● **What you should do**
When you reach the line below that has "En ese momento, Ricardo", start returning lines exactly, and stop after the line that has "25 范宽墨法似营丘,散落人家二百秋。咫尺画图千里思,山清水碧不胜愁。"; skip the pictures.

● **Listed entries**

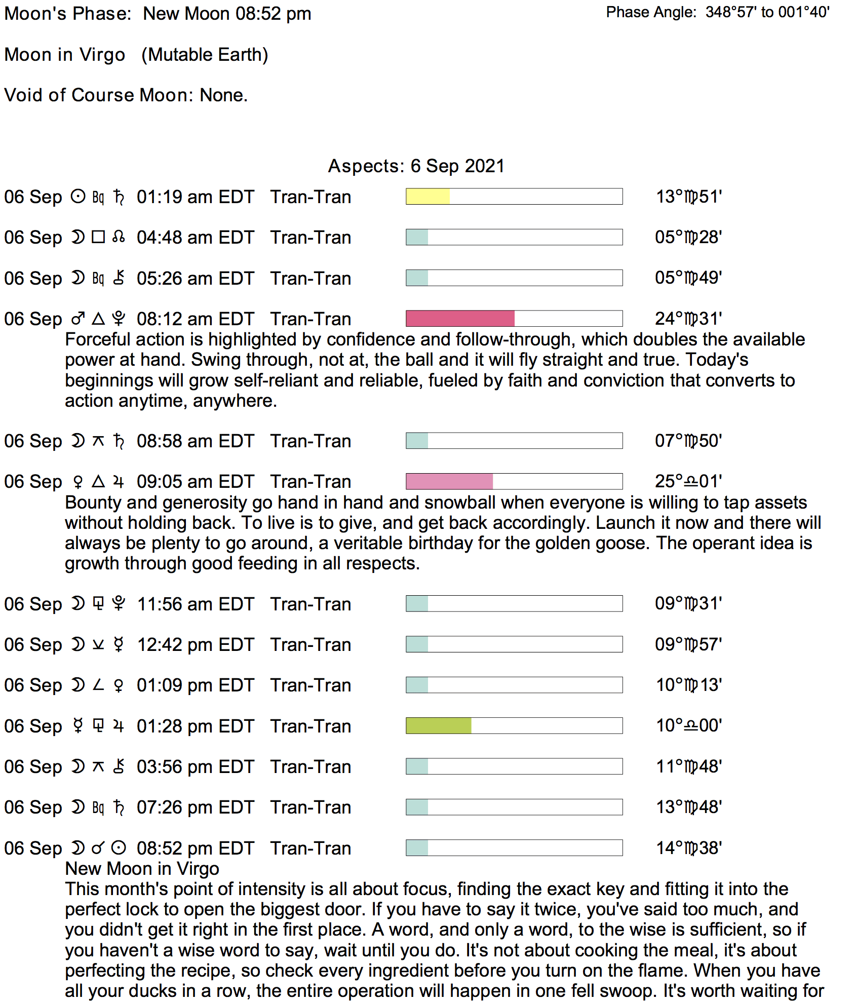 - A New Moon occurs today at 8:51 PM in the sign of Virgo.
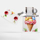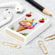 A Zippo lighter with a rose gold finish, featuring a watercolor-style illustration of an ice cream cone topped with cupcakes and cherries. The cone is a light brown with a waffle pattern, and the ice cream is a swirl of pink, yellow, and blue, each topped with a cherry. Additional cherries with stems and leaves are scattered around the cone. The background is a light, textured white. The style is reminiscent of a delicate watercolor painting, with soft edges and a light, airy feel.
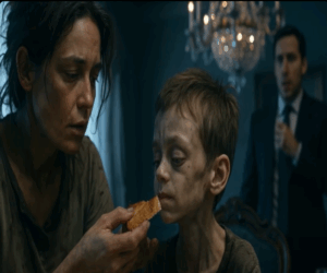 En ese momento, Ricardo Balmon apareció en la puerta, atraído por la conmoción. Su rostro mostraba cansancio, preocupación y una pizca de esperanza. Al ver a Sofía comiendo, se quedó paralizado. Por primera vez en mucho tiempo, el hombre más poderoso de la ciudad no supo qué decir.
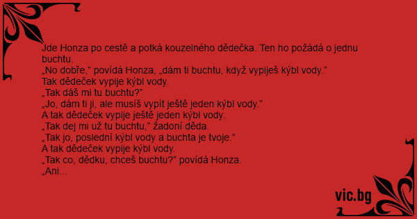 „No dobře,” povídá Honza, „dám ti buchtu, když vypiješ kýbl vody.”
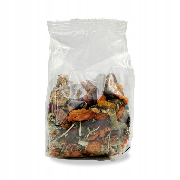 Udoskonalona receptura, oparta wyłącznie na naturalnych składnikach w postaci suszonych warzyw, bez dodatku produktów piekarniczych. Mieszanka uzupełniająca stanowi cenne źródło witamin, minerałów oraz pektyn, wspierając zdrowie i codzienną kondycję zwierzęcia.
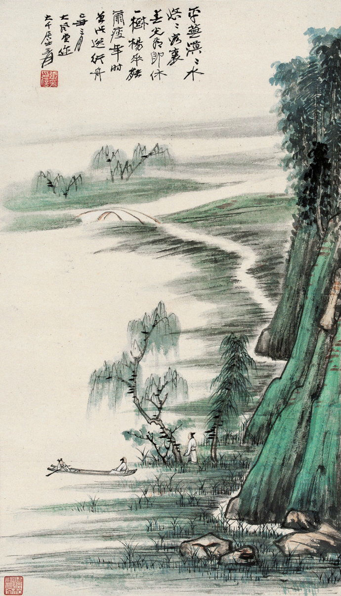 25 范宽墨法似营丘,散落人家二百秋。咫尺画图千里思,山清水碧不胜愁。
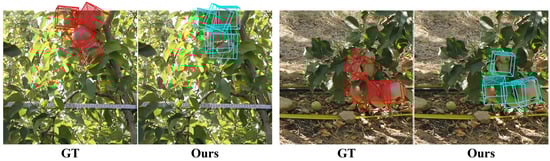 Finally, as shown in Figure 9, our analysis found that our system encountered limitations under severe occlusion conditions. The dataset included instances where leaves and branches significantly concealed apples. Due to the absence of a specialized framework to address severe occlusions, our method had difficulty in instances of severe occlusion. To address this limitation, future research will aim to improve the model to be robust even under severe occlusion conditions, leveraging the visibility of our dataset for evaluation. This improvement aims to guarantee robust performance with the complex scenes of real-world scenarios.
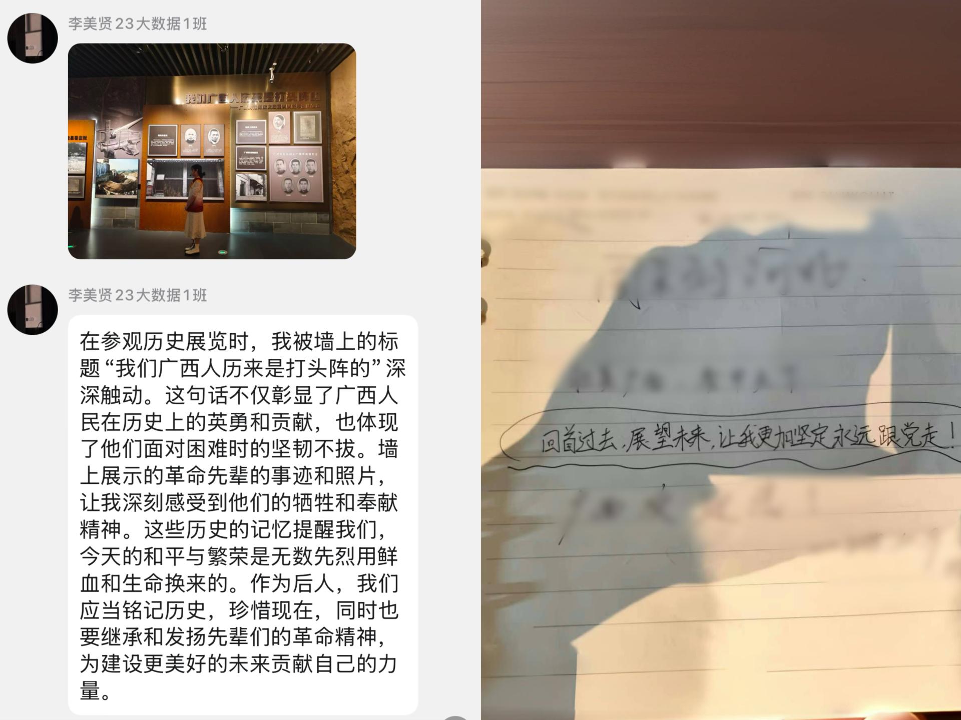 实践教学的深度,体现在学生对历史的主动思考与感悟表达中。让学生置身历史场景,通过视觉、听觉的多重冲击激发情感共鸣。参观过程中,师生围绕“广西人民的革命担当”“先辈精神的当代价值”等话题展开讨论,学生们结合自身专业与生活实际,分享对革命精神的理解。23级数据科学与大数据技术1班的李美贤同学被“我们广西人历来是打头阵的”这句展区标题深深触动,她表示:“作为广西青年,更要传承这份坚韧,用专业能力为家乡发展贡献力量。” 23级数据科学与大数据技术1班的杨宗才在展馆的留言簿上写下:“回首过去,展望未来,让我更加坚定永远跟党走!”

● **Response**
 En ese momento, Ricardo Balmon apareció en la puerta, atraído por la conmoción. Su rostro mostraba cansancio, preocupación y una pizca de esperanza. Al ver a Sofía comiendo, se quedó paralizado. Por primera vez en mucho tiempo, el hombre más poderoso de la ciudad no supo qué decir.
 „No dobře,” povídá Honza, „dám ti buchtu, když vypiješ kýbl vody.”
 Udoskonalona receptura, oparta wyłącznie na naturalnych składnikach w postaci suszonych warzyw, bez dodatku produktów piekarniczych. Mieszanka uzupełniająca stanowi cenne źródło witamin, minerałów oraz pektyn, wspierając zdrowie i codzienną kondycję zwierzęcia.
 25 范宽墨法似营丘,散落人家二百秋。咫尺画图千里思,山清水碧不胜愁。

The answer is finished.